Input:
#####

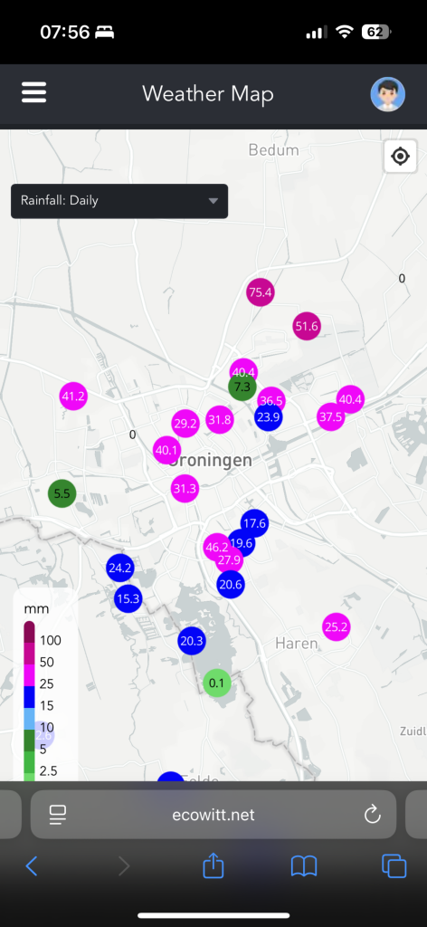 Die 75mm bij Zuidwolde vind ik discutabel gros is in een halfuur gevallen rond 4u vannacht, echter Beijum Oost en Bedum Zuid zitten ook tussen de 50 en 60mm. Het gaat weer van dikhout! Ik zit hier zelf op 6mm. Mooi dit is een toffe bui want zoals Wim al schreef weinig beweging maar wel veel water in de tas.
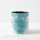 This pretty winter mug features a beautiful white polar bear against a blue sky with white snowflakes. Fluffy white clouds surround the bear at the bottom. The image is printed on two sides of the mug, with darker teal script at the middle that says "Believe in the Magic". Your name or other text is at the bottom.
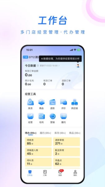 3. AI经营助手:全新推出的“AI经营助手”功能,能够智能化生成各类经营核心报表与数据,为商家打造功能强大的数据分析工具。
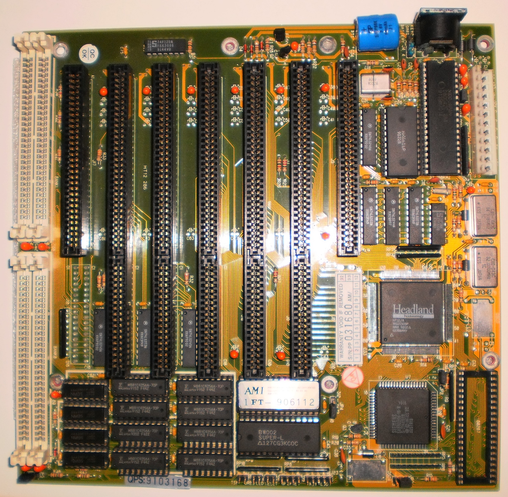 Headland produced their own motherboards for a while, but were more famous for their motherboard chipsets. This Baby AT board uses the Headland HT12 chipset, which with its EMS driver can provide an EMS interface in addition to conventional, XMS and Int15 extended memory all at the same time!
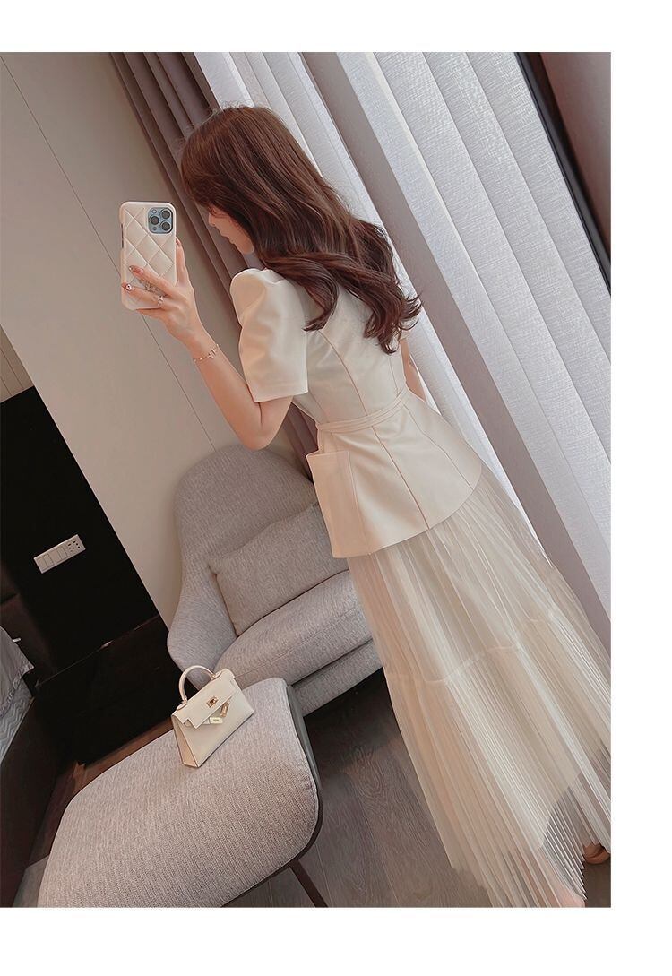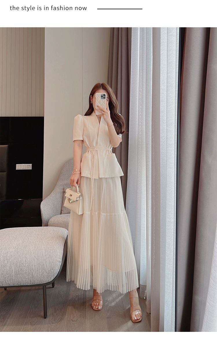 気質V半袖スーツジャケットベルトウエストスリムAラインプリーツスカート春ツーピースセットスタイル ショート ハーフスリーブ スプリング 春物 ハーネス asa41839537416
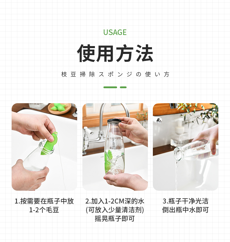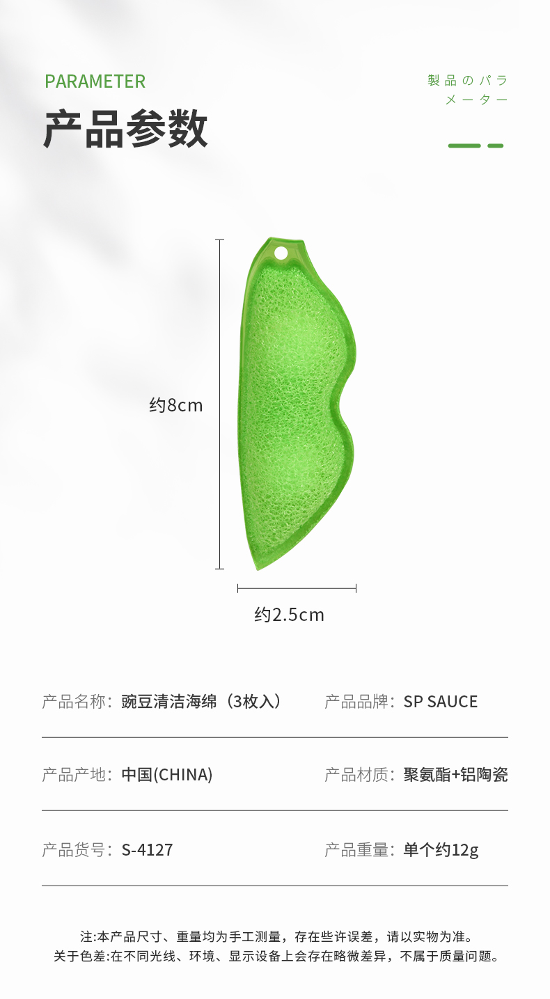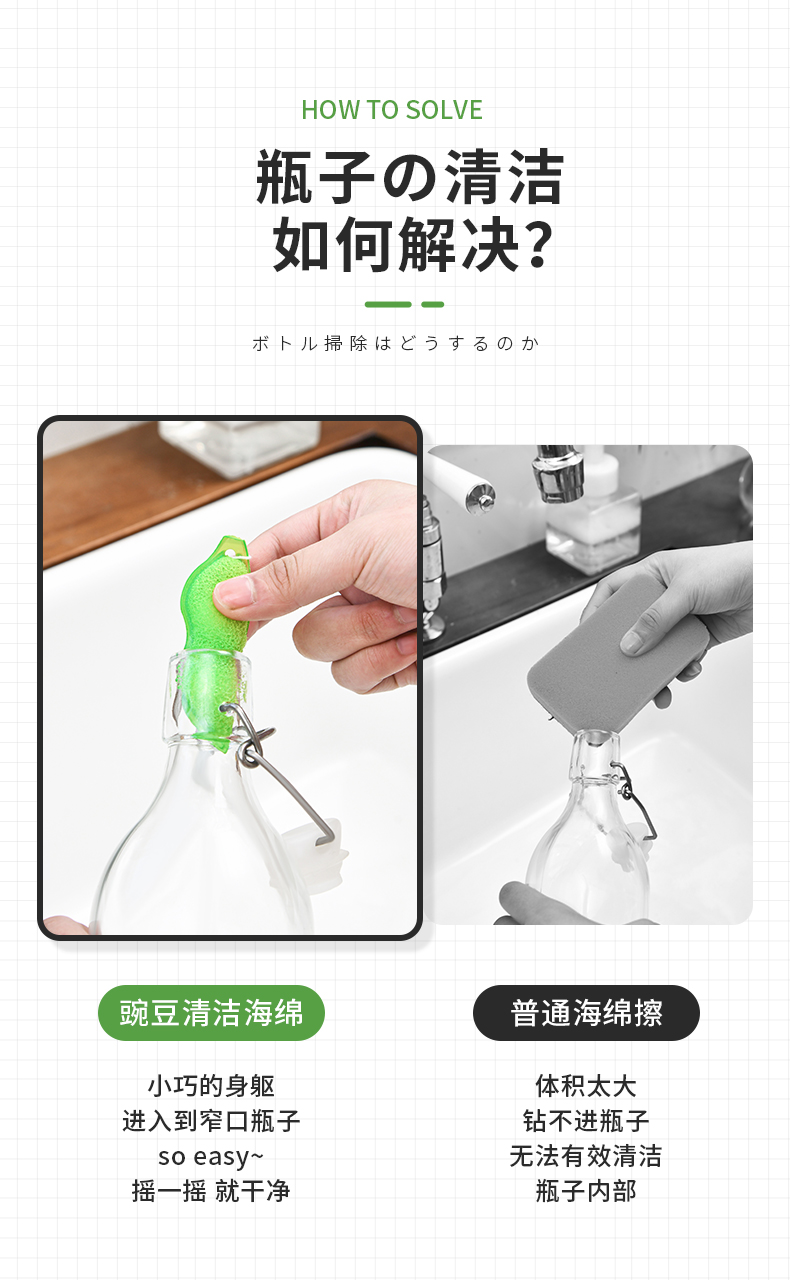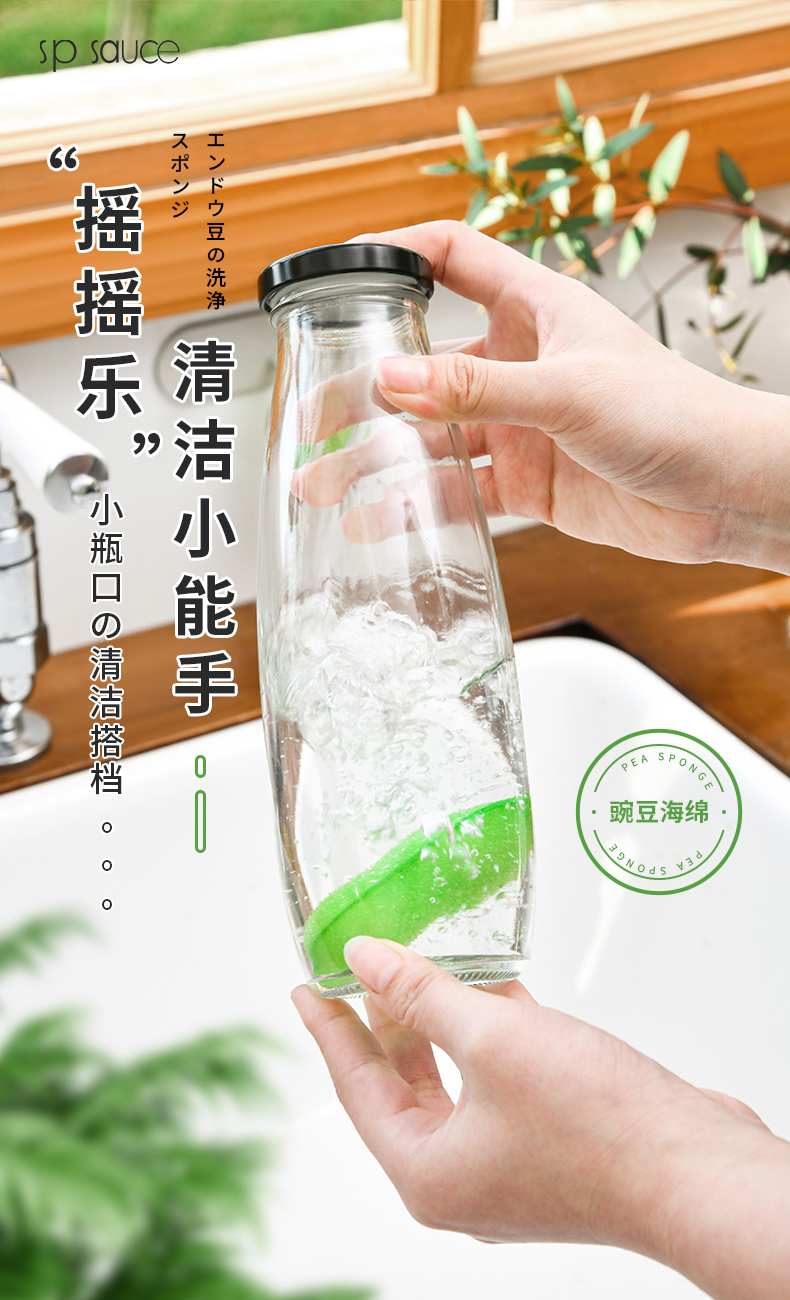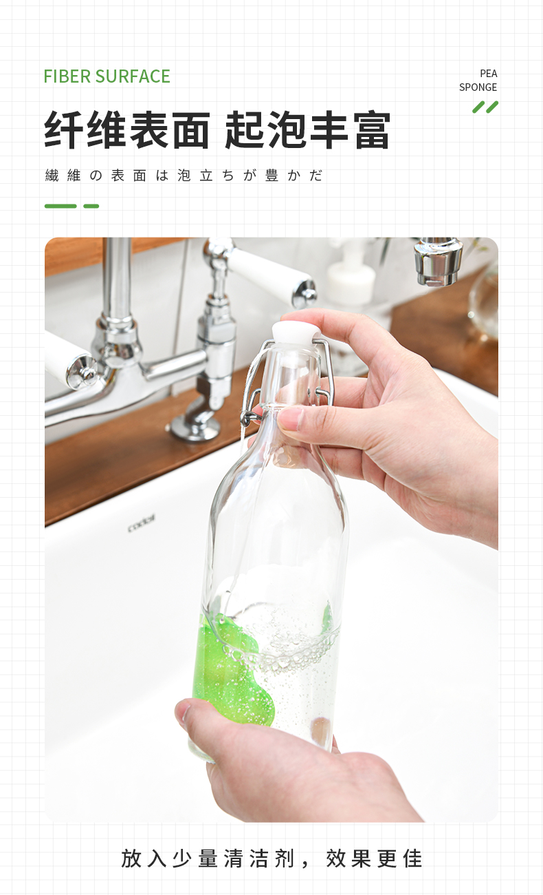 D豌豆清洁擦(3枚入) 豌豆清洁擦玻璃瓶奶瓶魔力海绵擦豌豆刷毛豆清洗海绵

#####

Aim of the exercise:
All entries should be restated word for word; no images belong in the copy.

Output for this exercise:
 Die 75mm bij Zuidwolde vind ik discutabel gros is in een halfuur gevallen rond 4u vannacht, echter Beijum Oost en Bedum Zuid zitten ook tussen de 50 en 60mm. Het gaat weer van dikhout! Ik zit hier zelf op 6mm. Mooi dit is een toffe bui want zoals Wim al schreef weinig beweging maar wel veel water in de tas.
 This pretty winter mug features a beautiful white polar bear against a blue sky with white snowflakes. Fluffy white clouds surround the bear at the bottom. The image is printed on two sides of the mug, with darker teal script at the middle that says "Believe in the Magic". Your name or other text is at the bottom.
 3. AI经营助手:全新推出的“AI经营助手”功能,能够智能化生成各类经营核心报表与数据,为商家打造功能强大的数据分析工具。
 Headland produced their own motherboards for a while, but were more famous for their motherboard chipsets. This Baby AT board uses the Headland HT12 chipset, which with its EMS driver can provide an EMS interface in addition to conventional, XMS and Int15 extended memory all at the same time!
 気質V半袖スーツジャケットベルトウエストスリムAラインプリーツスカート春ツーピースセットスタイル ショート ハーフスリーブ スプリング 春物 ハーネス asa41839537416
 D豌豆清洁擦(3枚入) 豌豆清洁擦玻璃瓶奶瓶魔力海绵擦豌豆刷毛豆清洗海绵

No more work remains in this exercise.